The revocation of the edict of Nantes in October 1685, and the consequent migration of a large number of industrious French Protestants, caused a considerable growth in the east end of London The silk manufactories at Spitafields were then established.

During the short reign of James II. the fortunes of the city were at their lowest and nowhere was the arrival of the prince of Orange more welcomed. One of the first acts of James was to cause an indictment for high treason to be prepared against Alderman Cornish, who had been a zealous supporter of the Exclusion Bill. Sir John Eyles, who had never been sheriff nor was even a freeman of the city, was appointed lord mayor by the king in 1688 in succession to Sir John Shorter. When James found the danger of his position, and learned that William had landed, he sent for the mayor and aldermen and informed them of his determination to restore the city charter and privileges.

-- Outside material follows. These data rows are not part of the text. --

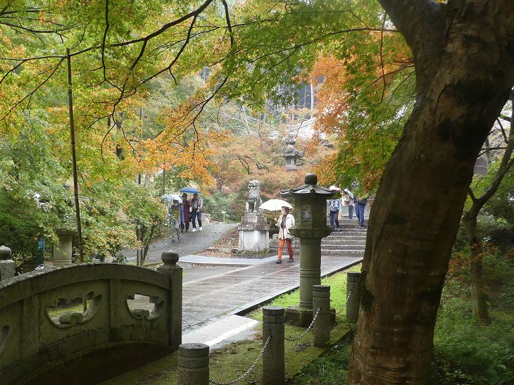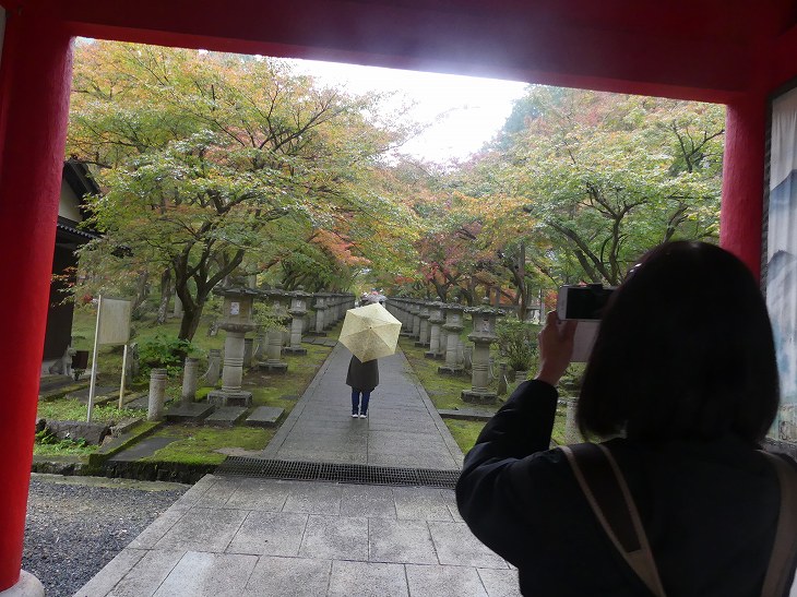 山門と、そこから前に見える本堂までの参道がモミジの道。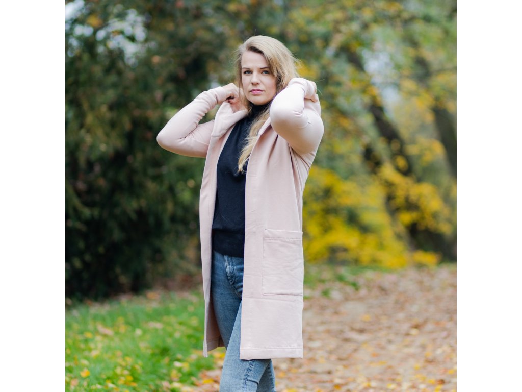 Volnočasový kardigan z počesané teplákoviny, který se hodí pro každou příležitost. Je vhodný především do chladnějších měsíců.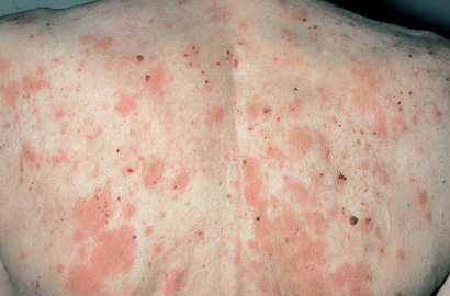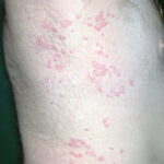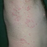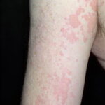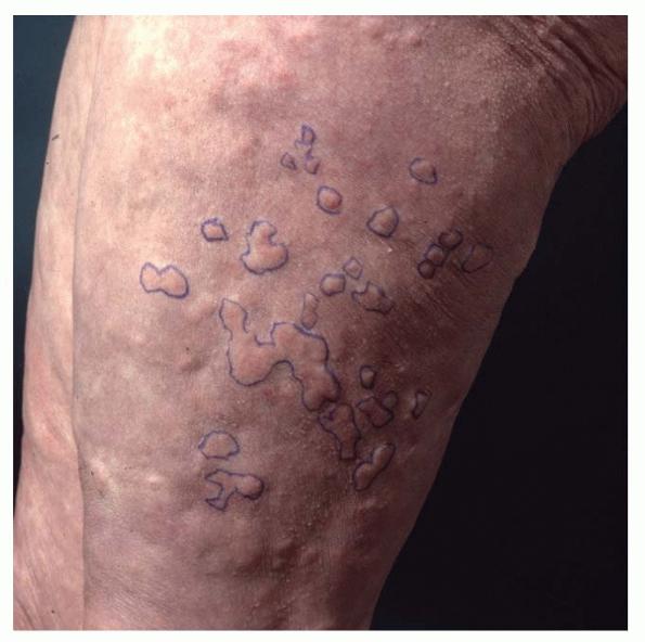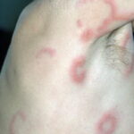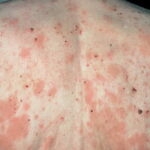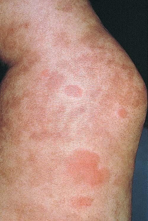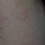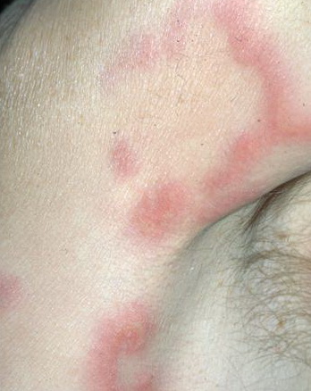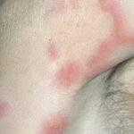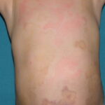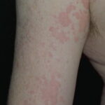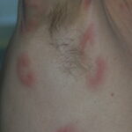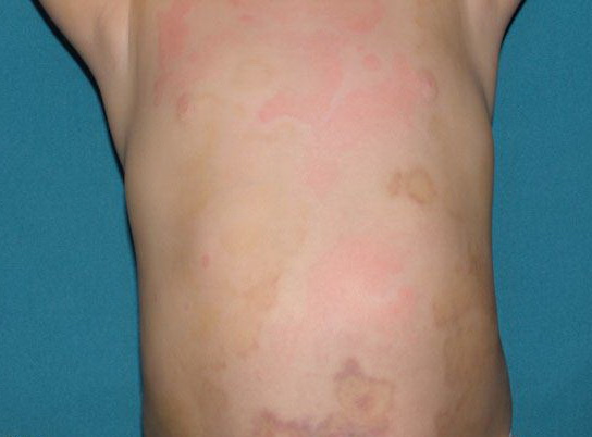 HistoryPatients with urticarial vasculitis present with an urticarial eruption, often accompanied by a painful or burning sensation. Lesions are generalized wheals or erythematous plaques, occasionally with central clearing, lasting for more than 24 hours in a fixed location (in contrast to urticaria, which resolves in minutes to hours or migrates continually). Petechiae may be noted within the lesions, and they may resolve with ecchymoses or postinflammatory hyperpigmentation. Patients may have photosensitivity, lymphadenopathy, arthralgia, angioedema (40%), fever, abdominal pain, dyspnea, and pleural and pericardial effusions.4 Most cases of urticarial vasculitis are idiopathic.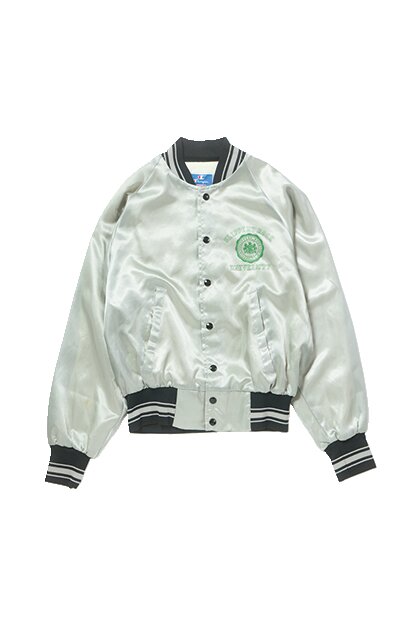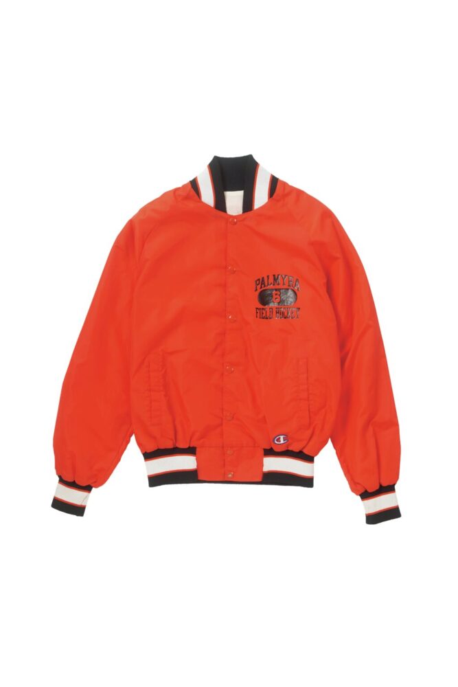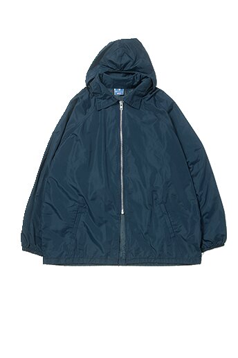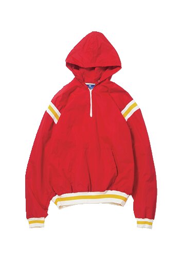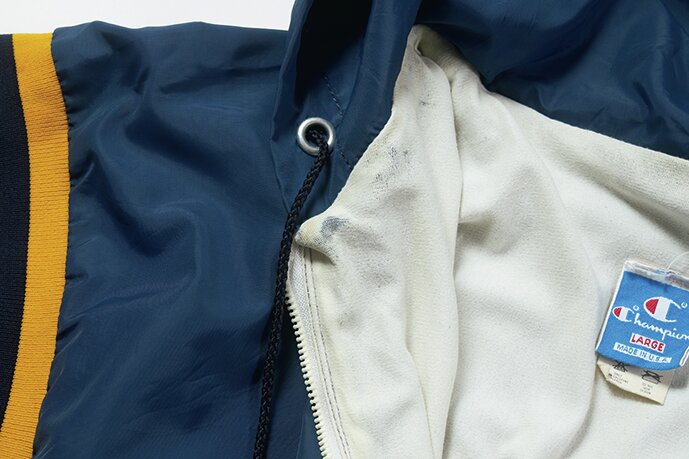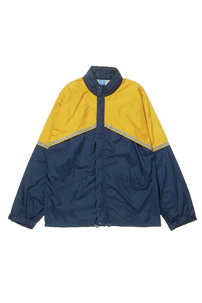 アスレチックウエアなので学校やチームで揃えたものが多く、その証がプリントや刺繍などで入る。スウェットやTシャツのプリントで人気のあるカプセル入り3段プリントもナイロンジャケットならお手頃価格。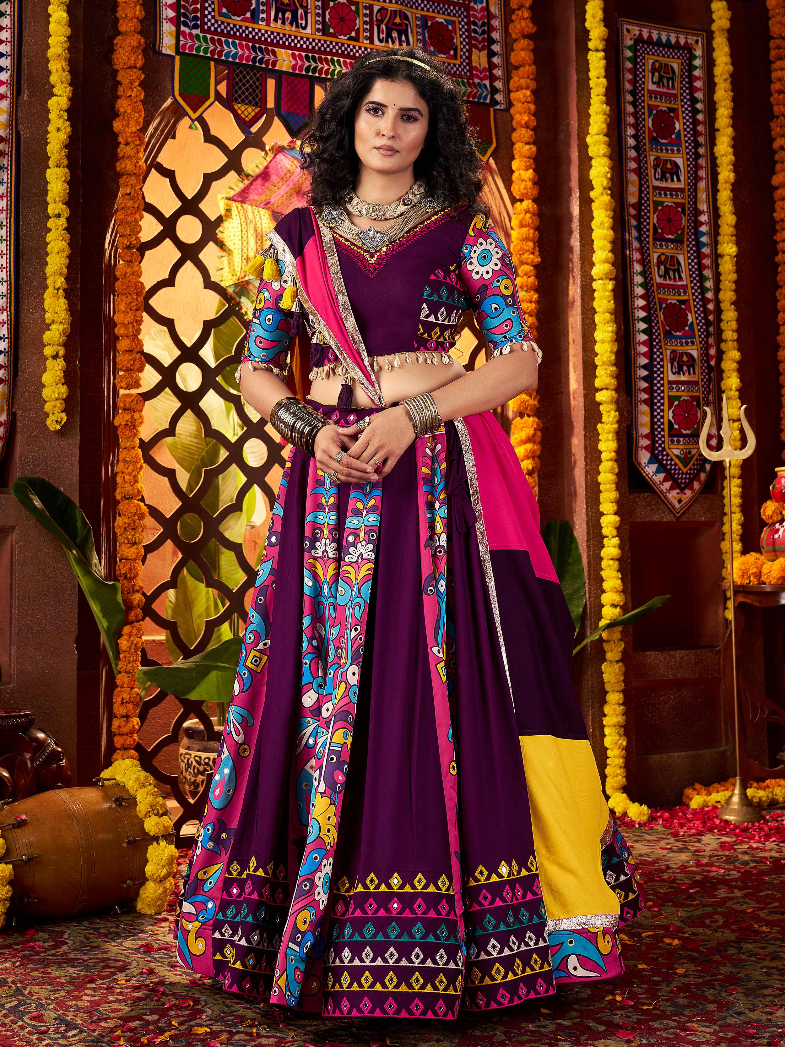 Step into festive elegance with this viscose cotton lehenga choli, designed with a captivating mix of vibrant colors and intricate digital prints. The ensemble is enhanced with multi-thread embroidery and shimmering mirror work, giving it a festive sparkle that’s perfect for Navratri, weddings, and grand celebrations.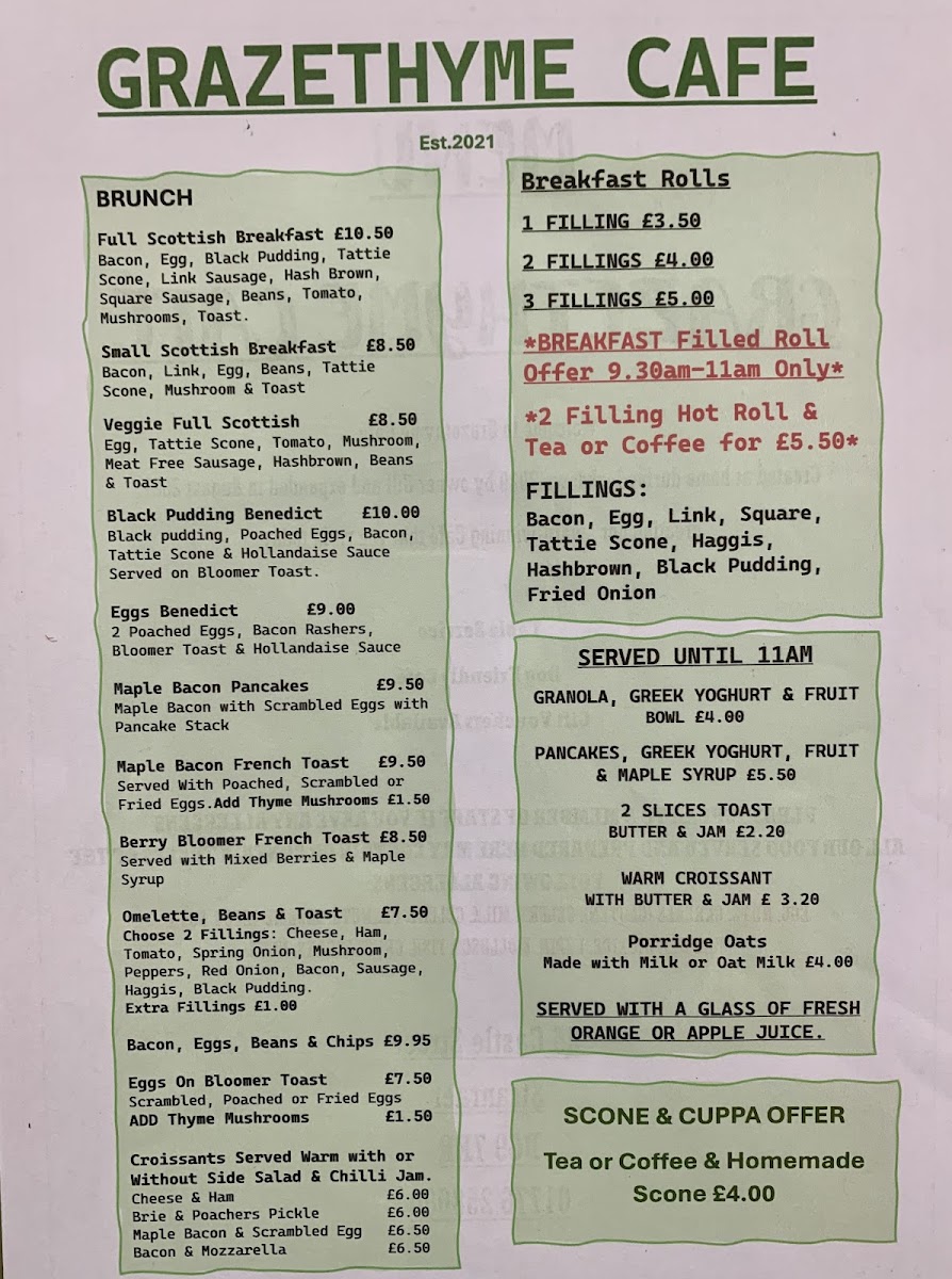 Welcome to Graze Thyme Cafe, an inviting spot located in the heart of Stranraer. This café beckons with a diverse menu that emphasizes hearty and wholesome options, perfect for brunch enthusiasts. Start your day with their renowned Full Scottish To Go, complemented by enticing extras like homemade chips and onion rings, all crafted with love by owner Gill.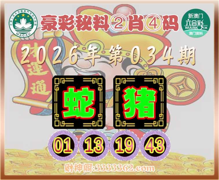 034期:【豪彩秘料】 👑②肖④码👑【蛇】【01.13.19.43】开:猪19

William III cared little for London, the smoke of which gave him asthma, and when a great part of Whitehall was burnt in 1691 he purchased Nottingham House and made it into Kensington Palace. For convenience of communication with London he had a broad made through Hyde Park, which was lighted by lanterns at night. Kensington was then as insignificant village, but the arrival of the court soon caused it to grow in importance.

Although the spiritual wants of the city were amply provided for by the churches built by Sir Christopher Wren, the large districts outside the City and its liberties had been greatly neglected. The Act passed in the reign of Queen Anne for building fifty new churches (1710) not only helped to supply this want, but also gave a special architectural character to the suburbs.